Kedua, implikasi bagi
sekolah Islam, bahwa sekolah yang di bawah yayasan agama Islam perlu lebih
meningkatkan kualitas layanan pendidikannya, sehingga sekolah tersebut dapat
melayani lebih banyak peserta didik yang beragama Islam. Dengan begitu
pendidikan agamanya lebih terjamin. Memang untuk merealisasikannya tidaklah
mudah, namun dengan segala keterbatasannya sekolah-sekolah Islam perlu terus
memantapkan manajemen, up-grading tenaga kependidikan, dan rekrutmen tenaga
baru lebih selektif.
Ketiga, implikasi bagi organsisasi sosial keagamaan, bahwa peserta didik yang
belajar di sekolah yang berada di bawah yayasan agama lain perlu terus dibantu
pendidikan agamanya oleh individu atau organisasi sosial keagamaan secara
proaktif, di samping oleh pemerintah dan atau pemerintah daerah yang memang
bertanggung jawab menfasilitasinya.
Keempat, implikasi bagi pendidik (guru) agama, bahwa untuk menjamin pilihan anak
dalam beragama, pendidik (guru) agama perlu mempertimbangkan materi dan cara
yang sesuai dengan kebutuhan peserta didik, sehingga dapat dihindari adanya
konflik internal.
Kelima, implikasi bagi orangtua, bahwa untuk keberhasilan pendidikan agama
orangtua bertanggung jawab untuk menjadi uswah hasanah dalam beragama di rumah
dan menciptakan lingkungan dan iklim yang kondusif bagi kehidupan beragama
anaknya.
Keenam, implikasi bagi manajemen pendidikan agama, bahwa untuk dapat menghindari
reduksi pendidikan agama, maka pelaksanaan pendidikan agama tidaklah cukup
hanya mengandalkan kegiatan pengajaran agama. Jika kondisi ini tidak
dikendalikan, maka tidak menutup kemungkinan dapat terjadi praktek “kemurtadan”

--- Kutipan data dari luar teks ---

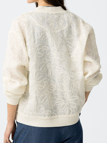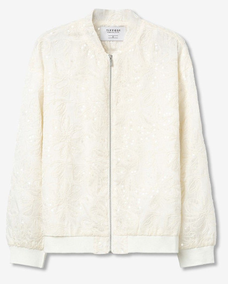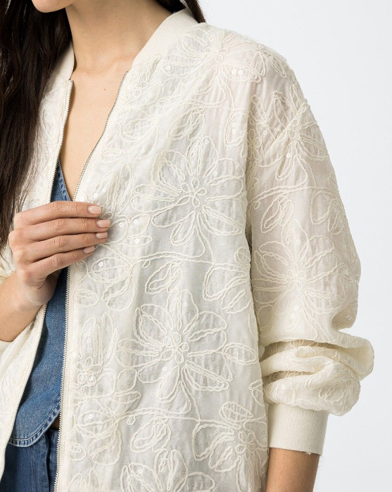 Veste style bombers avec sequins. Broderie fleurs, aspect brillant. Entièrement doublé.

secara terselubung, misalnya peserta didik mengambil paket pendidikan agama
lainnya hanya untuk memperoleh nilai yang lebih tinggi.
Ketujuh, implikasi bagi masyarakat, bahwa pendidikan agama akan meraih keberhasilan
yang berarti, manakala masyarakat memberikan dukungan positif melalui
penciptaan lingkungan fisik, sosial dan budaya yang tidak bertentangan dengan
ajaran agama. Misalnya, masyarakat mampu memerankan dirinya dalam menyaring
budaya asing yang destruktif, yang sangat membahayakan moral peserta didik.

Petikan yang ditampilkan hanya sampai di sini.